Esta alteração da tendência expressa no aumento progressivo da pobreza nos jovens e crianças e na diminuição continuada do risco de pobreza nos mais idosos, não pode ser interpretada em alternativa, numa espécie de replicação perversa do confronto geracional entre populações atingidas pela pobreza. Pelo contrário, não só o nível de rendimento da população idosa mais pobre continua a ser muito baixo, bem patente nos valores das pensões do regime geral da segurança social, como esta medida significa um exemplo interessante que pode ser expandido a outros tipos de população.

De qualquer forma, não há grande dúvida que houve uma alteração do perfil tradicional da pobreza e que a atual crise económico-financeira tornou isso ainda mais vincado. Neste momento, são as famílias com crianças a cargo aquelas que sofrem uma maior pressão monetária que se repercute sobre numa maior vulnerabilidade social que afeta sobremaneira os membros mais jovens dos agregados familiares, atingidos por reduções expressivas dos seus rendimentos disponíveis.
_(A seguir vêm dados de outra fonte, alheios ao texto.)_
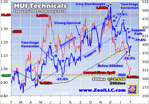 Since its latest interim high in early December, the HUI has fallen 26.7% in just under 8 weeks. As is often the case in PM stocks, this correction has been two-staged. There was an initial 17.6% leg down in early December that paralleled gold’s own. Gold has always been the PM stocks’ primary driver, traders buy PM stocks when gold is strong and sell PM stocks when gold is weak.
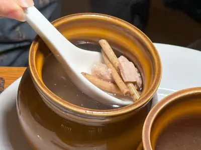 還有原盅五指毛桃燉湯,相當足料,滿載椰子香,還具有補脾健胃、增強免疫力等功效,難怪大受歡迎!

Face a esta realidade preocupante, temos assistido à mobilização da denominada ‘sociedade civil’, composta por um conjunto de associações e de entidades sem fins lucrativos, em campanhas recorrentes contra a pobreza e a pobreza infantil. Projetos como o banco alimentar ou campanhas de recolha de donativos monetários representam importantes contributos para atenuar o sofrimento imediato das populações mais vulneráveis, mas não significam a resposta adequada que pode resolver o problema em questão. Aliás, podemos mesmo dizer que não representam sequer uma resposta. E é um erro político considerar que a resolução da pobreza passará fundamentalmente por estes projetos e campanhas. Como também não passa pela generalização de cantinas sociais pelo país, incentivada pelo atual governo em parceria com as IPSS, cuja única função é a de fornecer bens alimentícios às populações mais desfavorecidas residentes em cada concelho. Apesar das alterações identificadas no perfil da pobreza, este continua a ser um fenómeno estrutural na sociedade portuguesa.

E para se construir uma resposta estrutural só há uma via capaz: a via do Estado social e das políticas públicas. É isso que se espera do Estado num contexto de forte retrocesso social e económico. No caso dos jovens e crianças que vivem em famílias pobres ou a empobrecer só um programa decorrente de políticas públicas devidamente calibradas poderá quebrar com o ciclo vicioso da pobreza que compromete a prazo as reais oportunidades de vida e de mobilidade social. Conhece-se o efeito da pobreza monetária na privação do acesso a serviços e equipamentos fundamentais não só para a qualidade de vida como para o sucesso escolar e educativo dos jovens e crianças. Não é admissível que praticamente um terço das crianças deste país estejam à partida condenadas à pobreza ou à precariedade social. Este dado não pode ser encarado como uma inevitabilidade ou um efeito colateral de uma política de austeridade considerada pelos atuais governantes como uma política necessária e inevitável. O intolerável transformou-se numa normalidade institucional… e a tolerância amoral em relação a essa normalidade significa o fim da política. Por este motivo, a pobreza não pode ser apenas encarada como intolerável mas como uma anormalidade à qual as instituições públicas não se podem vergar.